Update: I found out that before Erin this incubator/hatcher belonged to……. Will at Whitmore Farms! Everything really is a full circle in this place. I’m in contact with the woman I got the wheaten/blue wheaten Ameraucana eggs from and am hoping that come sometime midweek she may have extra eggs to sell. I’m not banking on it, but I honestly wouldn’t mind having just a flock of wheaten/blue wheaten Ameraucanas.

9 Blue Wheaten/Wheaten Hatching Eggs – $50
Clearly, I needed something to test the incubator out with. I’m going to be figuring out a way to use the incubator while waiting for my trays to come in, turn the eggs by hand, and hope that something out of these lovely blue eggs hatches. And is female.

4 x 5-foot Designer Coop with Red Barnwood – $$FREE$$
I still can’t believe we won this. It’s the first thing Mike has ever won, and it’s beautiful and such a gracious gift. Erin (Green Hill Farm and hostess of the Maryland Poultry Swap) told us that someone was getting angry when he later found out the drawing went and he didn’t get it. I don’t understand people like that. I went there thinking we weren’t going to win it, and even said so multiple times. I posted the flyers because why not give it a try, and why not advertise for a great event.
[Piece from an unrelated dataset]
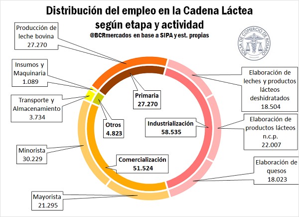 • El grueso del empleo en la cadena Láctea está en la etapa de industrialización, seguido de cerca por la etapa de comercialización

I would like to think we made out exceptionally well, and I was feeling pretty good about it before we won the coop and as we were putting together the incubator to cart to the truck. The only things we bought that are not shown above were some Reece’s homemade fudge (already eaten, $2.50), a third feeder ($14.95), and horseradish (free from where I bought the blue wheaten/wheaten Ameraucana eggs & hatching eggs).

All-in-all a great day with some great finds. I wasn’t expecting to take care of chicks this late in the game, but you won’t hear me complain!

P.S.: If you’re in Maryland or somewhere relatively close, and especially if you can afford it, I recommend you take a look at Designer Coop. I came thisclose to buying one, but Mike wanted to build one ourselves instead. They are beautiful and well-built, and I hope to use ours for years to come!